Katz is the new pitching coach on the South Side, perhaps the most notable claim to White Sox-specific fame on his strong resume that he helped Giolito turn things around. Katz was Giolito's pitching coach at Harvard-Westlake High School in Southern California, and years after helping turn Giolito into a first-round draft pick, he helped Giolito — who had the worst numbers of any starting pitcher in baseball in 2018, his first full season in the bigs — into an All Star and no-hitter-thrower.

Now that he's employed by the White Sox, Katz's new assignment is clear: working the same magic with Cease.

"Gio’s definitely talked about (Katz), mentioned how he helped transform him," Cease said. "He’s very calm, reassuring, is always looking for my input. He’s always got something for me. He’s as much as I could ask for, and I’m excited to work with him.

"He’s a great communicator. I think one of the big things with him is he definitely listens. I feel like he’s taking my input and helping me work in the right direction and kind of mold what I’m saying. Good communicator, good listener, great pitching coach."

According to both the coach and the pitcher, that work is underway.

The stakes are obvious: Even after adding Lance Lynn to form a potent 1-2-3 pitching punch with Giolito and Dallas Keuchel, the White Sox are going to need a championship-caliber rotation if they're going to meet their championship-level expectations in 2021. Cease and fellow talented-but-unproven youngster Michael Kopech will likely be the difference between having an elite starting staff and still requiring more on the starting-pitching front.

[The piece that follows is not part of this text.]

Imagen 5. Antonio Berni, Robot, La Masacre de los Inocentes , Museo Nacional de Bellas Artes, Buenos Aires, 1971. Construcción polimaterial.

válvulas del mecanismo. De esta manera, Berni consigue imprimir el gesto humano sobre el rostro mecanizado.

The fixes, of course, are less obvious, or at least more difficult to implement. If it was easy, Cease wouldn't have struggled the way he did throughout 2020. According to Cease, he's working on his mechanics, working on his delivery, working on removing some of the cut from his fastball, working with the same "core velocity belt" that Katz got Giolito to use. In this pandemic-afflicted world, Cease is sending videos of his work to Katz multiple times a week.

 

It doesn't take a baseball Einstein to know that Cease's biggest issue is finding the strike zone after he walked 34 batters last season, the second highest walk total in the majors. But that's the next step. Right now, it's still in the beginning. You've got to crawl before you can walk, you know.

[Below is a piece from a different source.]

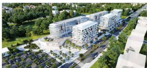
עפולה | 800 יח"ד
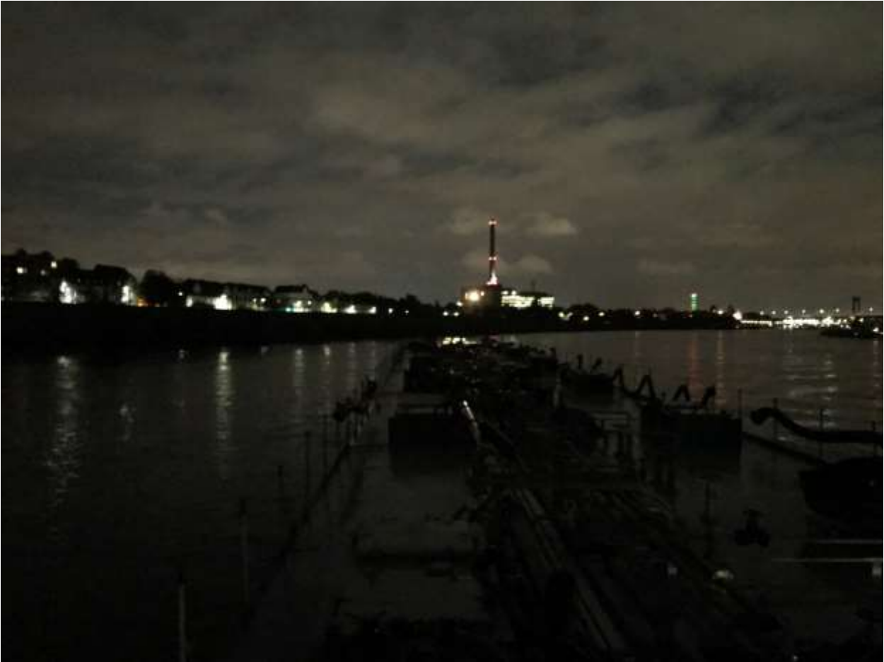
Vor Anker in Duisburg am Luftball

verband überholt den Anderen und zu Tal kommen auch noch mehrere Schiffe, gut wenn immer alles klar geht. Ab und zu werden schon ein paar Freundlichkeiten über den Funk ausgetauscht, man sagt sich dann wie gern man sich hat, aber im Grossen und Ganzen geht alles ganz ruhig und gesittet über die Kommandobrücken. Über Düsseldorf erreichen wir den Hafen von Neuss und machen bei unserer Löschstelle um 13.00 fest.

Or rather, in this specific instance, before you walk less.

"For me, right now, it’s purely just my focus on mechanical work and preparing my body for the season," Cease said. "But as I continue to throw more and get off the mound and start fine tuning things, it kind of turns more to getting ready to compete.

"But right now it’s still the building-block phase. I’m focusing on what I have to do to make myself execute better.

"If I execute pitches, I’m that guy."

"That guy" would be a nice addition for the White Sox. And he could be the difference between the team meeting its lofty goals and not.